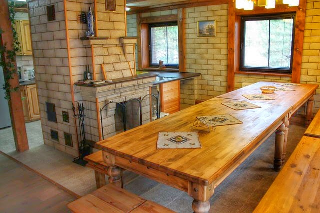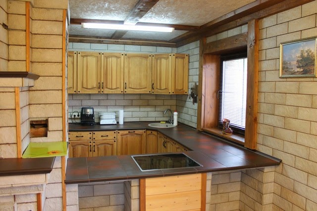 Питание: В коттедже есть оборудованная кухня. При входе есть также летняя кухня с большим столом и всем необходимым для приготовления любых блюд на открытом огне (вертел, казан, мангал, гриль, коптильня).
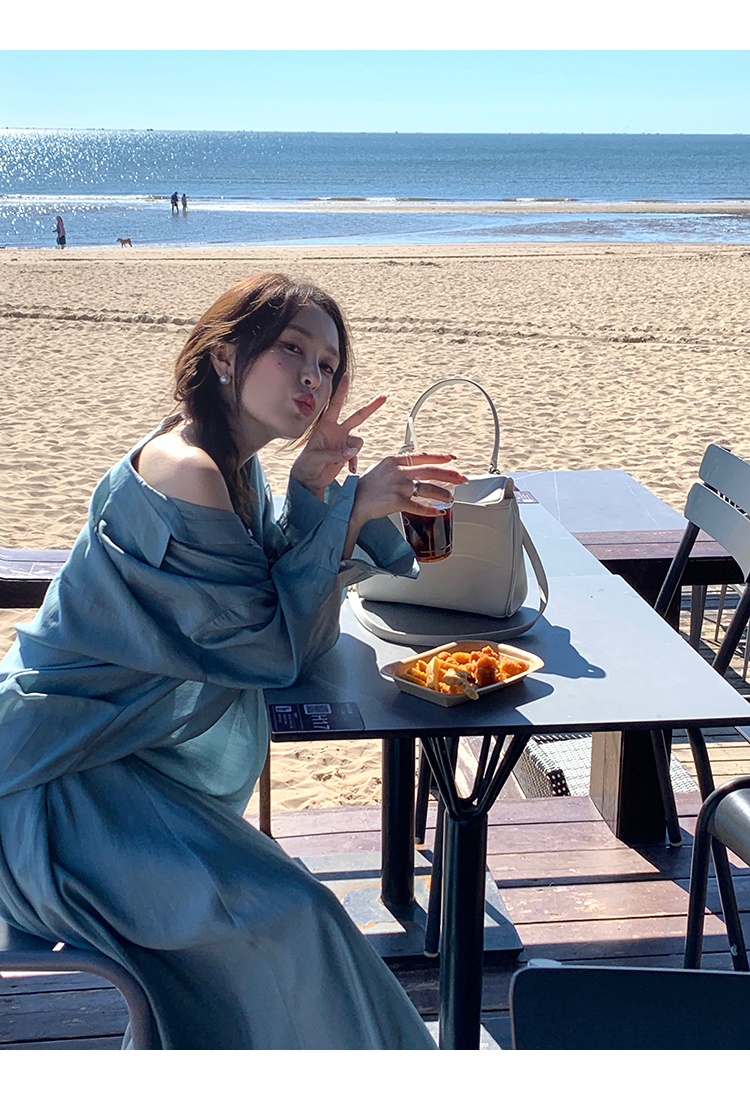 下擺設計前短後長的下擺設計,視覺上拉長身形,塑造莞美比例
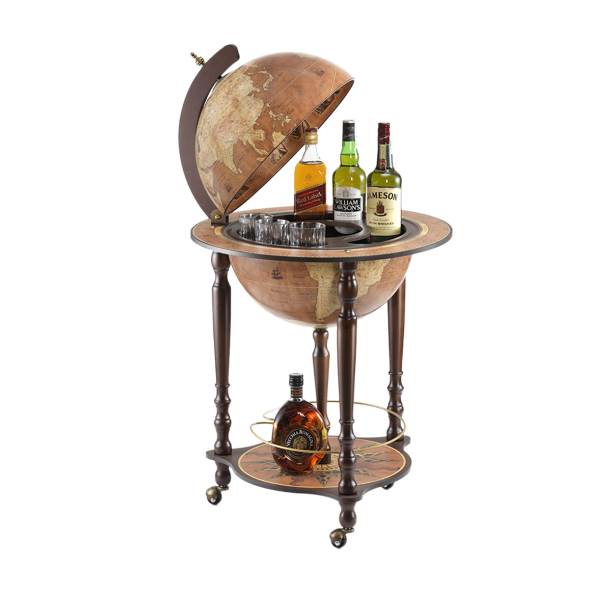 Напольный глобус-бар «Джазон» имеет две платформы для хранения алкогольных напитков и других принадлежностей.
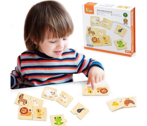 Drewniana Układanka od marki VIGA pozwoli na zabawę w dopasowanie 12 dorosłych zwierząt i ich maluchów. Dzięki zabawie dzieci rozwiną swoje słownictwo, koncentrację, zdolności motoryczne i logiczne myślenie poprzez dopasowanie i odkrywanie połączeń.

□ □ □ □ □ □ □

TRY IT: Leaving the pictures aside, transcribe the entire listing exactly.

REPLY TO THE TASK:
 Питание: В коттедже есть оборудованная кухня. При входе есть также летняя кухня с большим столом и всем необходимым для приготовления любых блюд на открытом огне (вертел, казан, мангал, гриль, коптильня).
 下擺設計前短後長的下擺設計,視覺上拉長身形,塑造莞美比例
 Напольный глобус-бар «Джазон» имеет две платформы для хранения алкогольных напитков и других принадлежностей.
 Drewniana Układanka od marki VIGA pozwoli na zabawę w dopasowanie 12 dorosłych zwierząt i ich maluchów. Dzięki zabawie dzieci rozwiną swoje słownictwo, koncentrację, zdolności motoryczne i logiczne myślenie poprzez dopasowanie i odkrywanie połączeń.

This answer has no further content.